Now let's do some bi-variate analysis. If we want to plot the relationship between Energy and Loudness, think that which plot would be the appropriate choice.

Visualize the relationship between the two according to the plot you choose. Loudness bounds must be -2-20 and energy limits must be 0-100. 

In [14]:
#3pts

Now, create the plot which displays the average popularity of music albums over the years, with each data point representing a year, you can use a line graph with markers, and includes labels and appropriate y-limits ( It must be 5 units below the minimum popularity and 5 units above the maximum popularity.)  You can also rotate the x tick values ​​by 45 degrees. 


In [15]:
#6pts

Now, let's create a plot that illustrates the average popularity of music albums across the months of the year. The plot should be in the form of a line graph with markers, with the x-axis representing the months (in a custom order from January to December) and the y-axis representing the average popularity. Make sure to include appropriate labels and set the y-axis limits to be 5 units below the minimum popularity and 5 units above the maximum popularity. Additionally, rotate the x-axis tick values by 45 degrees for better readability. 

In [16]:
#7pts


Let's create more sophisticated plot. In this question you will also make some operations on the dataset again.

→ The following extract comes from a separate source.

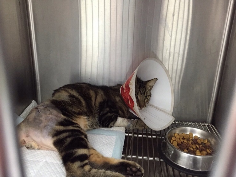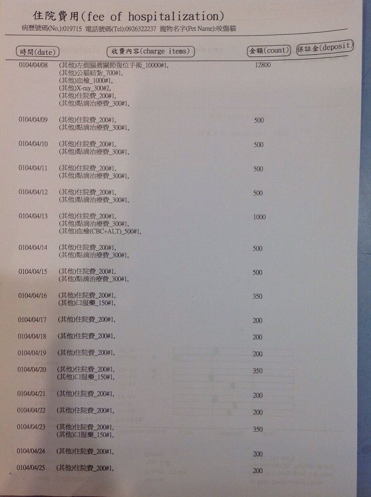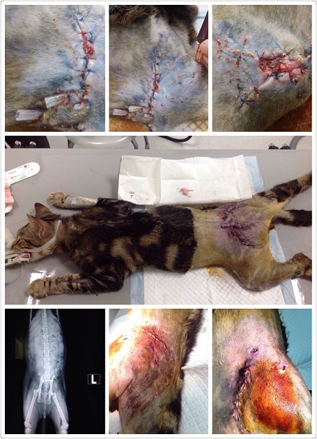 主題: 被狗咬傷的美短虎斑 申請者姓名: 歐陽妃 花色: 申請日期: 2015-05-30 12:43:27 申請者部落格: 申請者臉書網址: 所在縣市/合作醫院: 高雄市/銀星動物醫院 治療費用: 27500元 需求人數: 29人 已結案 (2021-09-03 23:52:15) 報名人員: Shizuka Ho(已付款)、orange(已付款)、玉米(已付款)、misselaine(已付款)、ying x2(已付款)、Peishan Lee x2(已付款)、何偉靖(已付款)、vivian(已付款)、Nadia Huang x5(已付款)、Joe Chen(已付款)、彥霈、韋魚 x2、Trista Kao(已付款)、sonwing(已付款)、盧延毫(已付款)、Vicky Chang Shyr x2(已付款)、juan(已付款)、逗號洋行 x4(已付款)、lavinia x3(已付款)、 候補人員: 動物病情說明: 小貓被大狗攻擊咬傷甩傷,被發現時已經倒臥不起,無法逃離!左後大腿出血不止,緊急送醫,到院時經醫師X光照射得知除了嚴重咬傷造成感染撕裂傷外甩咬造成左大腿的腸薦關節脫臼,必須手術復位固定縫合、因為小貓本是浪貓瘦小營養不量,命在旦夕!故申請醫助救他一命 動物近況說明: 受傷貓吉平傷口大至已經完全康復只有腸薦骨突出地方大約2∼3公分摩擦破皮的傷口還需上藥,可以行走,後腿也有力量,但住院期間關籠,無法確定它是否可以跳躍,但是因為大狗咬傷傷及骨盆裡的自行排尿神經,目前還是無法自行解尿,必須要人工幫忙ㄧ天擠尿2∼3次,醫院通知在5月29日已經接回至領養人李彥霈小姐照顧跟教導如何協助貓咪擠尿方法,吉平貓咪食慾正常對人還不是那麼親人但是領養人會用心照顧出院的它,希望它排尿神經可以慢慢恢復正常,重新再回健康正常的貓咪生活!

Visualize and compare the BPM (Beats Per Minute) levels in the music of four different artists: Lorde, Big Thief, Wolf Alice and Phoebe Bridgers. The data is presented in a countplot with three categories for BPM levels: Slow, Medium, and Fast. Each artist's contribution to each BPM category is shown using a different color. The y-axis represents the frequency of songs falling into each BPM category. Set the y-axis limits to a range of 0 to 10 for better clarity.

You already see the answer below as an example, you can use inferno as the color code. There may be slight differences in styling, but we expect a very similar answer. Please be careful with the order of x-axis.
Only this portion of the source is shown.